### Problem details
For this exercise, retype the lines from the one that holds "Mais le Québécois" through the one that holds "2ª Edição do" in the records below, both included, exactly and without pictures.

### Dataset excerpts
━━━
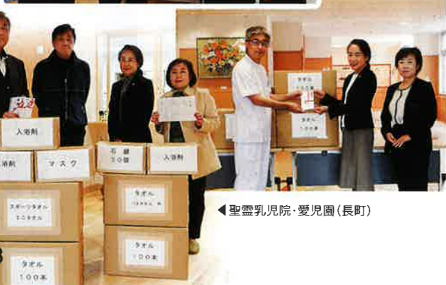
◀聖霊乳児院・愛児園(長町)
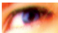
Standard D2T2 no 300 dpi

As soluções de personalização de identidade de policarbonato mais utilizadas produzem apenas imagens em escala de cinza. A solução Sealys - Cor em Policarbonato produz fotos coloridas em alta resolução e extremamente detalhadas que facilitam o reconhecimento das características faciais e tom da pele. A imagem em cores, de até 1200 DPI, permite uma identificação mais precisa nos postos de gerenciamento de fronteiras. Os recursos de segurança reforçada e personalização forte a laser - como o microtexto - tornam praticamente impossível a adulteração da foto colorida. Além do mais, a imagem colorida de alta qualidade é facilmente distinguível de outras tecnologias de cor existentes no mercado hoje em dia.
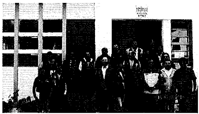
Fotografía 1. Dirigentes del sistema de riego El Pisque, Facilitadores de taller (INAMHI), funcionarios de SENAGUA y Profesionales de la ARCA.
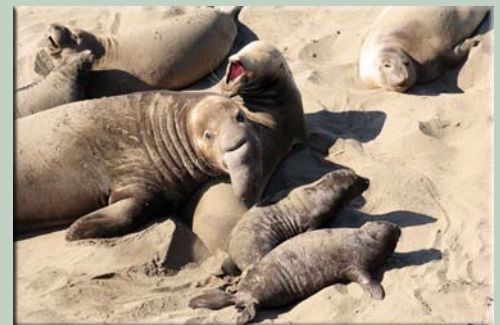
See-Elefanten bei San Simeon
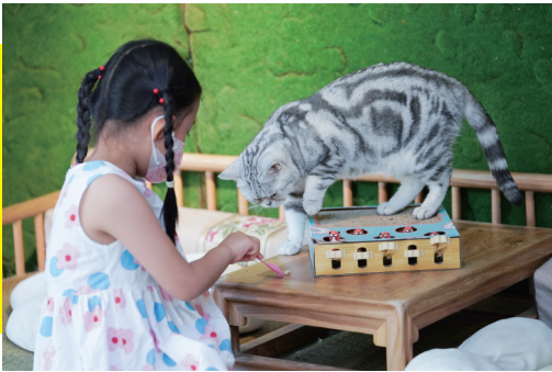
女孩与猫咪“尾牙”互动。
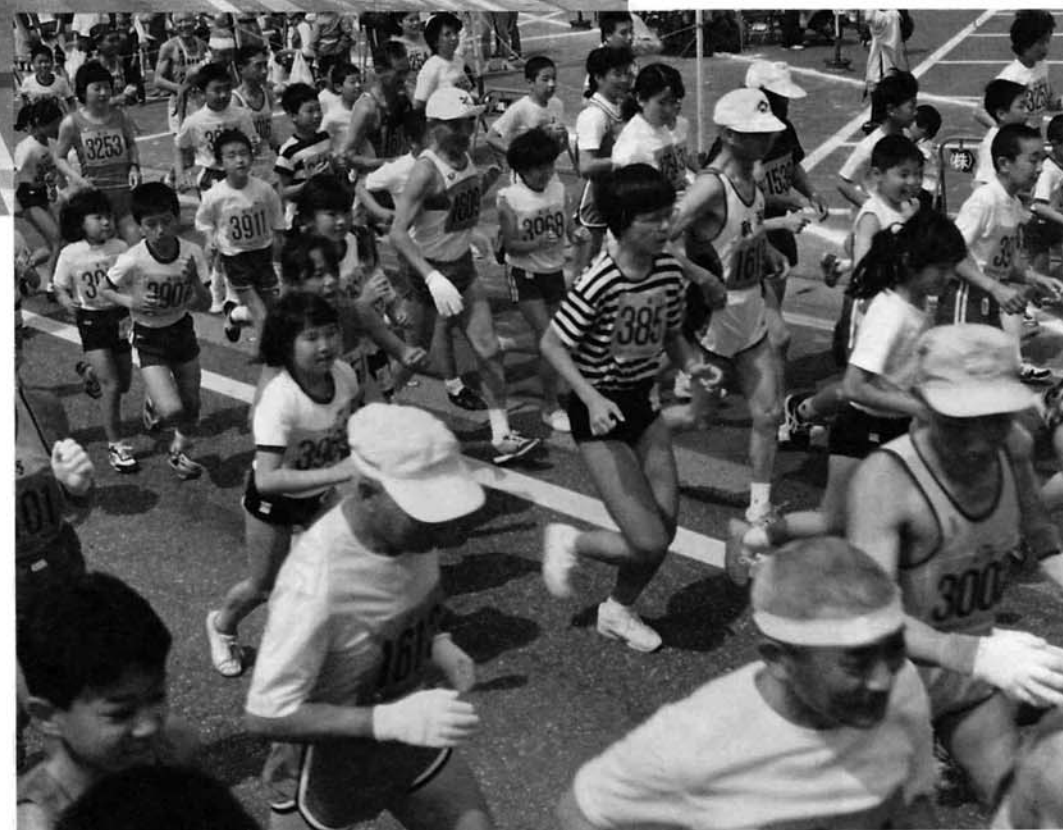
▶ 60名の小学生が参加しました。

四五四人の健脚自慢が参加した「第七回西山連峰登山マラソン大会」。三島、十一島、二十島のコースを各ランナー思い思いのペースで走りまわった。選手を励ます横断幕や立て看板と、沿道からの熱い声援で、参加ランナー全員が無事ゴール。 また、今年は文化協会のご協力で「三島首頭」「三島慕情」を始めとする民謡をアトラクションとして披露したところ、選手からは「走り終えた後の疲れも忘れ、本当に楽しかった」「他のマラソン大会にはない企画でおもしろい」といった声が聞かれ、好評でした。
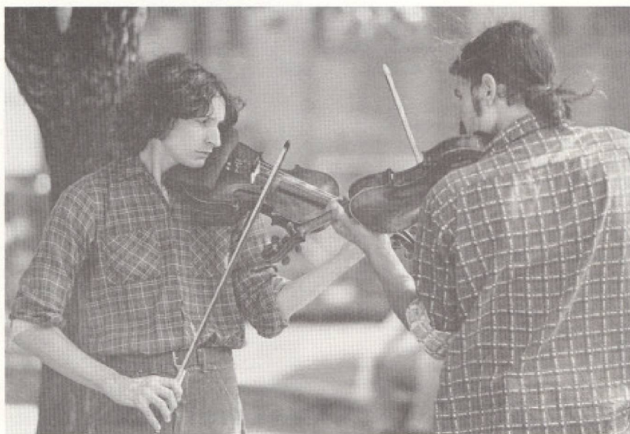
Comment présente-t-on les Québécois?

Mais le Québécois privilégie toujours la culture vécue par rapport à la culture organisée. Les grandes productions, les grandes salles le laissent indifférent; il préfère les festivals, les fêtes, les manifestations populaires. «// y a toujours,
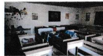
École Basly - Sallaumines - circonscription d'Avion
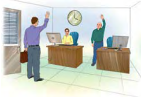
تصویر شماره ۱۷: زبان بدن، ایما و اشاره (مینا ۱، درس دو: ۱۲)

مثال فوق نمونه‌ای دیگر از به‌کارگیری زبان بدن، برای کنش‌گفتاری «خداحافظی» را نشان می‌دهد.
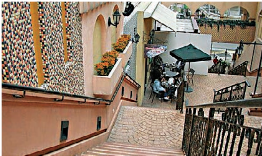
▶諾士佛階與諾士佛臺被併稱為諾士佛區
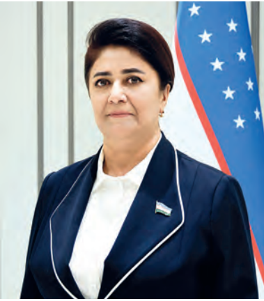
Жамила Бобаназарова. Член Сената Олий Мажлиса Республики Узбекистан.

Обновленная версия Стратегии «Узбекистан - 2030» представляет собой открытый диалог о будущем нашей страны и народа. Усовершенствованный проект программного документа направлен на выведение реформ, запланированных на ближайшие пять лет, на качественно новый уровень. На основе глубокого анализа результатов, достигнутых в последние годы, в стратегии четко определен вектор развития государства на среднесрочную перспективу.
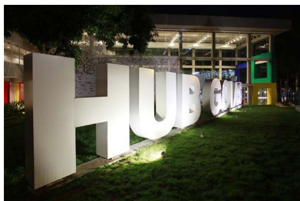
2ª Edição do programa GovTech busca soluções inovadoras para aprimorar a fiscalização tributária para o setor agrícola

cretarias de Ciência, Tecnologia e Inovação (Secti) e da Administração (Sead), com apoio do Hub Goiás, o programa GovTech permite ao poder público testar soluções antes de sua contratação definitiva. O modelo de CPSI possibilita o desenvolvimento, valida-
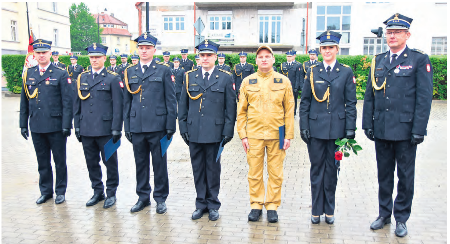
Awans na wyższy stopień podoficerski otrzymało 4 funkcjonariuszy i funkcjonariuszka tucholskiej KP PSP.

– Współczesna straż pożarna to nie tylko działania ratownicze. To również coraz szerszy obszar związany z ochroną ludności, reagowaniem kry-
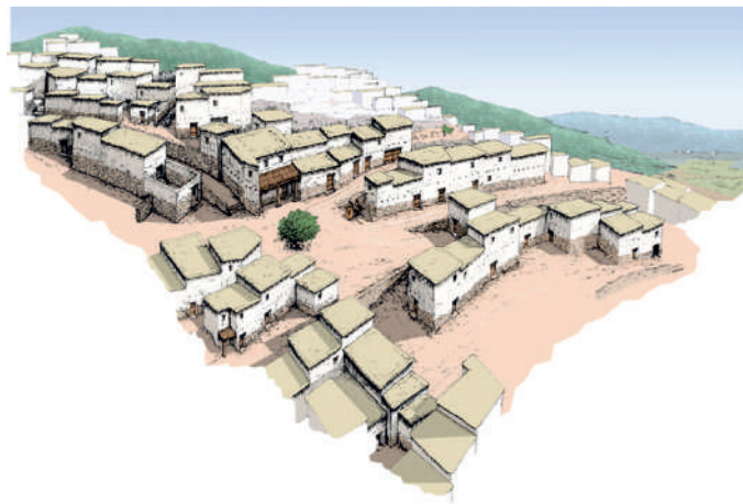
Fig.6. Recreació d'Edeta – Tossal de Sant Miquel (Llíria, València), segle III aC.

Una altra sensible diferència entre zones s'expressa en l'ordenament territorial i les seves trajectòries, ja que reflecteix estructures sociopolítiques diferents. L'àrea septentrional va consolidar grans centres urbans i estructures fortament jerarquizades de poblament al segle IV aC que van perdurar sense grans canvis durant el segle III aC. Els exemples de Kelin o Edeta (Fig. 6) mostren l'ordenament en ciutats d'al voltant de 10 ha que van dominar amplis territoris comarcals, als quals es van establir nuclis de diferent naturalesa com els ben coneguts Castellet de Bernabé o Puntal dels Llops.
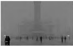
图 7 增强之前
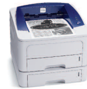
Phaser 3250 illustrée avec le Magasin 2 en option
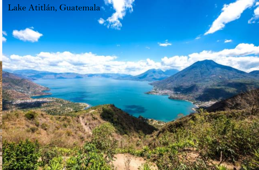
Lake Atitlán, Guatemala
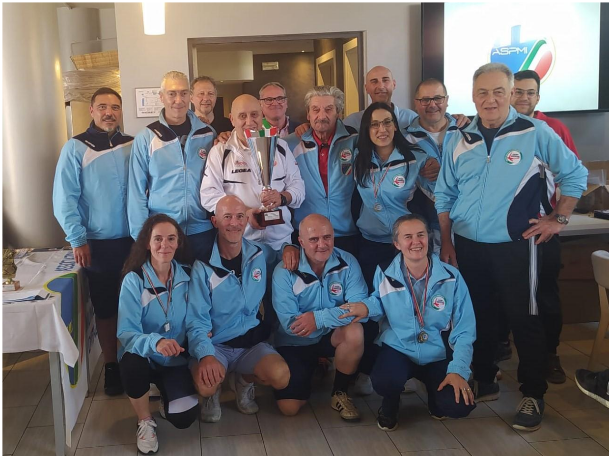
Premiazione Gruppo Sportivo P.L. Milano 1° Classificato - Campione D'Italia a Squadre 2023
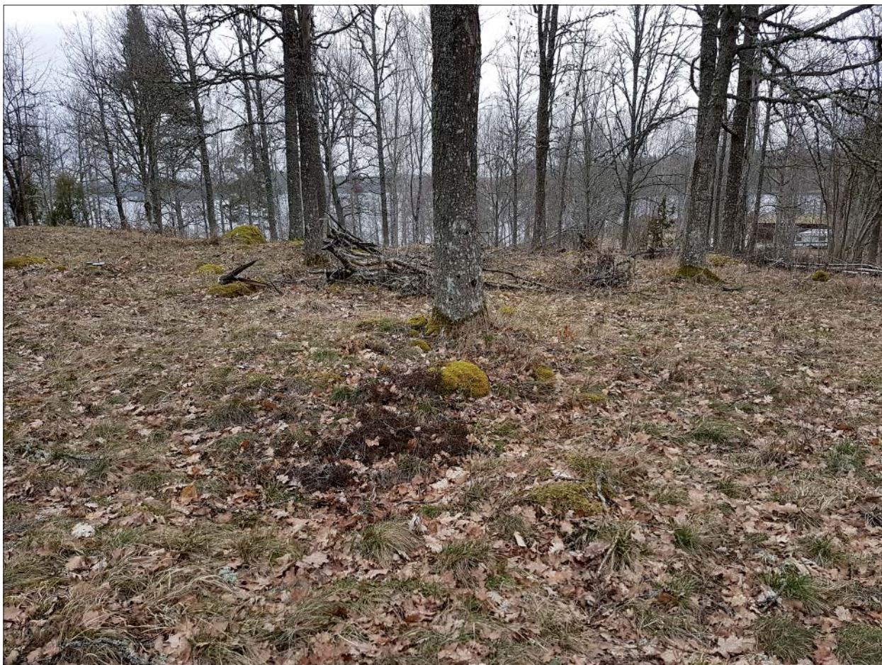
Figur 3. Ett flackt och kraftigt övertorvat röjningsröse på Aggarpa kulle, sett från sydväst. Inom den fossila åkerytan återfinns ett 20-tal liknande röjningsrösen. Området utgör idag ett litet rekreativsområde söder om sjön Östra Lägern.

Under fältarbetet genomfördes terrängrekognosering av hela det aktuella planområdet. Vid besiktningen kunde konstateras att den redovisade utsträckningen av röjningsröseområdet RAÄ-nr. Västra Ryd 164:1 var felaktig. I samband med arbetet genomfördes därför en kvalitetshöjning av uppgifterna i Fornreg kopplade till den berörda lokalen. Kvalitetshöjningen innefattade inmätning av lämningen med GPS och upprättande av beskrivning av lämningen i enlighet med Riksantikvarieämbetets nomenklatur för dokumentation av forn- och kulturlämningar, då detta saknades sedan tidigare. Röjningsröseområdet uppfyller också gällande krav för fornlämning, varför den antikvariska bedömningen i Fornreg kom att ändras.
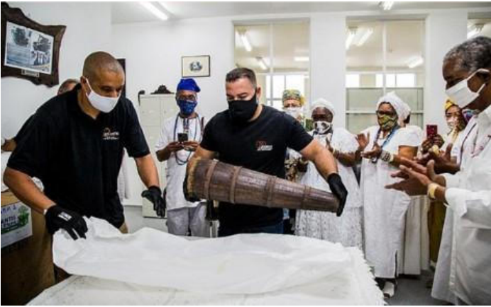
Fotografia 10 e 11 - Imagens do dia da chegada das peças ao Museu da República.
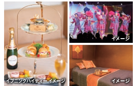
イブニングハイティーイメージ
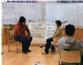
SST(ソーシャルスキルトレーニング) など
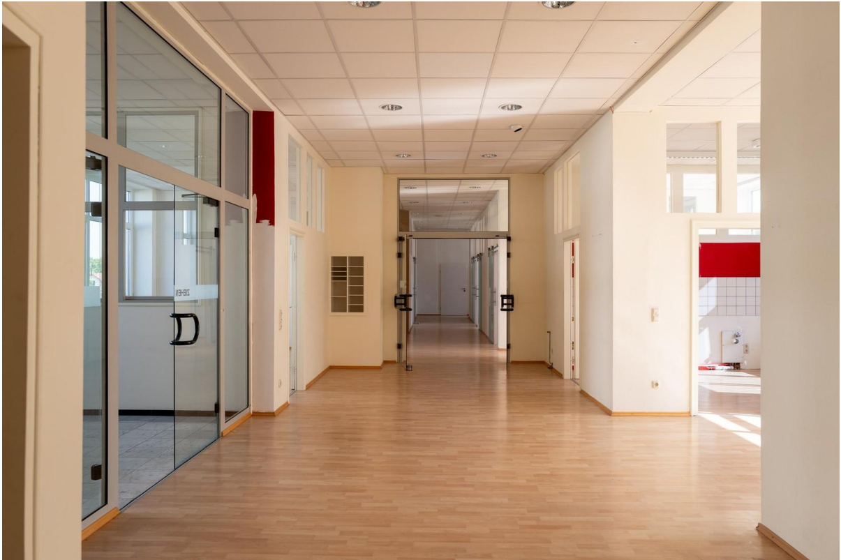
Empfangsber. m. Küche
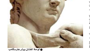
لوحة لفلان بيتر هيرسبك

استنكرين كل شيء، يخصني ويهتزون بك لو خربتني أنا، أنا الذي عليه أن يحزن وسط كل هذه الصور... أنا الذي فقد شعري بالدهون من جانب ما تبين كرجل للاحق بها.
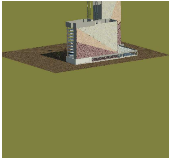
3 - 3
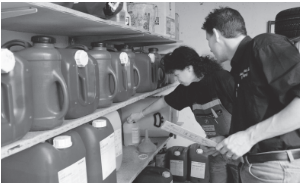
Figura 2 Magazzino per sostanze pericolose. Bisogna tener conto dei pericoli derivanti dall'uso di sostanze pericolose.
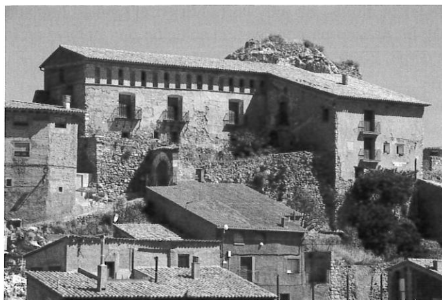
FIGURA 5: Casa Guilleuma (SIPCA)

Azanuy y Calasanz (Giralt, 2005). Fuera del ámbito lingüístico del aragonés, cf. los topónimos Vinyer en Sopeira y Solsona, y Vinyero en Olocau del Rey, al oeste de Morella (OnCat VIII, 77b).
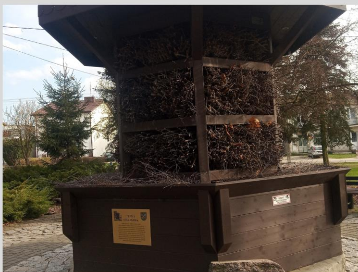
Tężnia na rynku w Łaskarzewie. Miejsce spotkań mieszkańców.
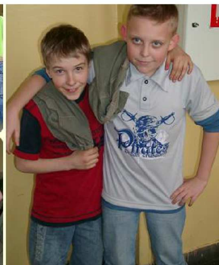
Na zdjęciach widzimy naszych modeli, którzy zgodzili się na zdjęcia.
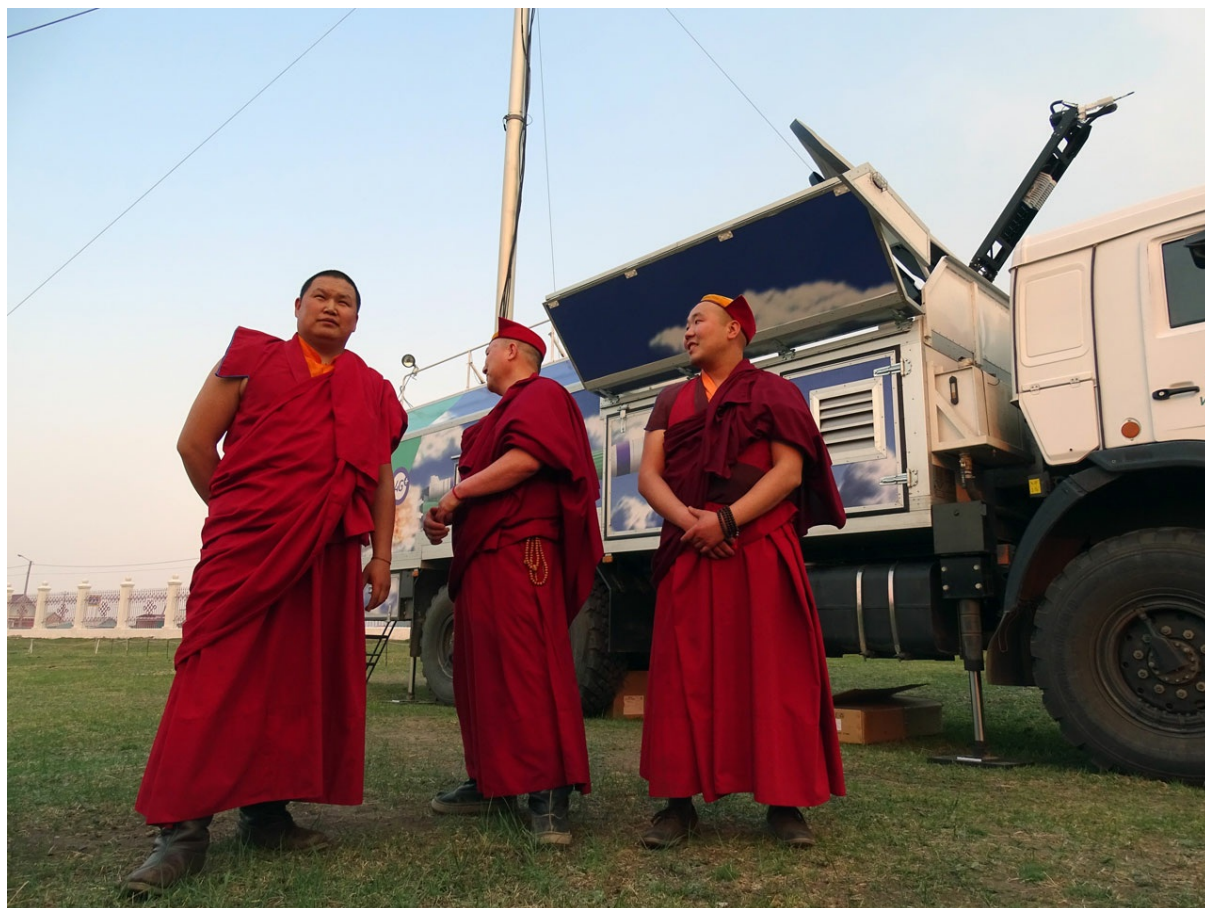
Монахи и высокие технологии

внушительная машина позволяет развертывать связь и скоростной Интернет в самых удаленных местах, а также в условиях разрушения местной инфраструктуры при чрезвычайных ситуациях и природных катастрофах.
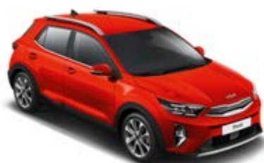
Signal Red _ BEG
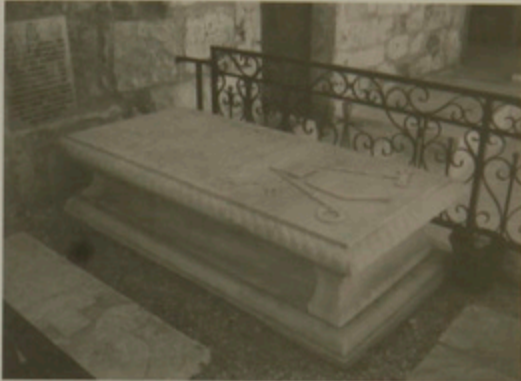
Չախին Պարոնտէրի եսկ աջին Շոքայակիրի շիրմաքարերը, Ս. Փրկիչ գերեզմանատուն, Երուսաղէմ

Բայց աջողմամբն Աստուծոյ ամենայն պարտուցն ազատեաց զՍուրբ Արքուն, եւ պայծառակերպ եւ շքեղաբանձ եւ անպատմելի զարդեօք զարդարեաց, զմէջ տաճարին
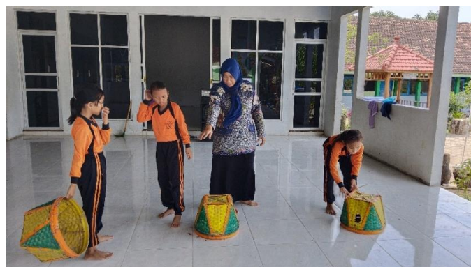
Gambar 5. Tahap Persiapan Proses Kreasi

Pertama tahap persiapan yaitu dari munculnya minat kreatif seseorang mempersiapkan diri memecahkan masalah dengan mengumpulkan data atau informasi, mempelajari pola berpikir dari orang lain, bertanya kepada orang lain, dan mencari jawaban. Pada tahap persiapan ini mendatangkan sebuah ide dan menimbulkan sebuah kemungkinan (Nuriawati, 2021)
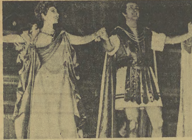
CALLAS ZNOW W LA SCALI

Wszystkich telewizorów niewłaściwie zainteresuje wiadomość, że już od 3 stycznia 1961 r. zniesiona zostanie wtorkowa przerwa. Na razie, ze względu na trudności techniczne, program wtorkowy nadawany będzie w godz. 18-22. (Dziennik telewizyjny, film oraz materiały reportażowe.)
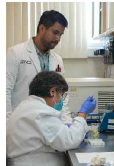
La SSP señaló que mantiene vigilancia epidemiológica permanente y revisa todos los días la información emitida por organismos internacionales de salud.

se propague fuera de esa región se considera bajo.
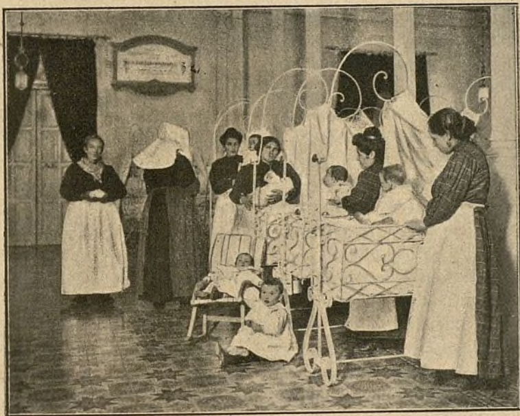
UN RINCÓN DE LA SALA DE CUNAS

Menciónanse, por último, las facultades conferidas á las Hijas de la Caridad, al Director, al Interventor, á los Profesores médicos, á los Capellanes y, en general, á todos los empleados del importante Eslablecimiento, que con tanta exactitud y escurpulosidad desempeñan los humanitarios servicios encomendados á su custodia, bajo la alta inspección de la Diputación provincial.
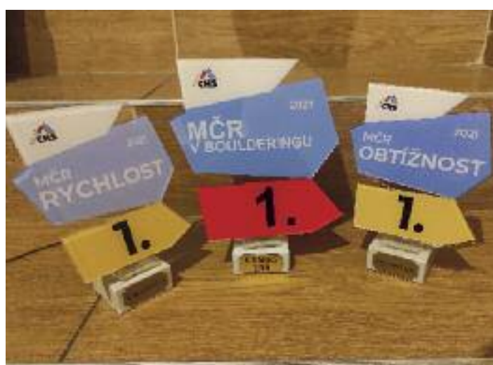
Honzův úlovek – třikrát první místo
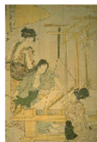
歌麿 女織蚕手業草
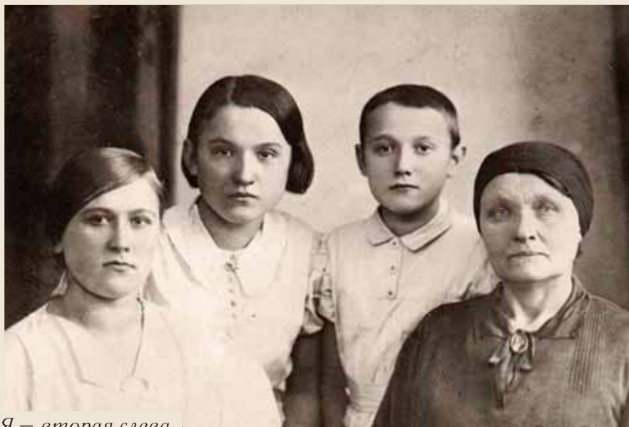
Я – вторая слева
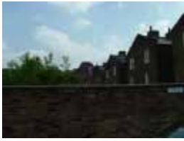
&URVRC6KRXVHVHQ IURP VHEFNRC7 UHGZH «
━━━
### Finished task
Mais le Québécois privilégie toujours la culture vécue par rapport à la culture organisée. Les grandes productions, les grandes salles le laissent indifférent; il préfère les festivals, les fêtes, les manifestations populaires. «// y a toujours,
École Basly - Sallaumines - circonscription d'Avion
تصویر شماره ۱۷: زبان بدن، ایما و اشاره (مینا ۱، درس دو: ۱۲)

مثال فوق نمونه‌ای دیگر از به‌کارگیری زبان بدن، برای کنش‌گفتاری «خداحافظی» را نشان می‌دهد.
▶諾士佛階與諾士佛臺被併稱為諾士佛區
Жамила Бобаназарова. Член Сената Олий Мажлиса Республики Узбекистан.

Обновленная версия Стратегии «Узбекистан - 2030» представляет собой открытый диалог о будущем нашей страны и народа. Усовершенствованный проект программного документа направлен на выведение реформ, запланированных на ближайшие пять лет, на качественно новый уровень. На основе глубокого анализа результатов, достигнутых в последние годы, в стратегии четко определен вектор развития государства на среднесрочную перспективу.
2ª Edição do programa GovTech busca soluções inovadoras para aprimorar a fiscalização tributária para o setor agrícola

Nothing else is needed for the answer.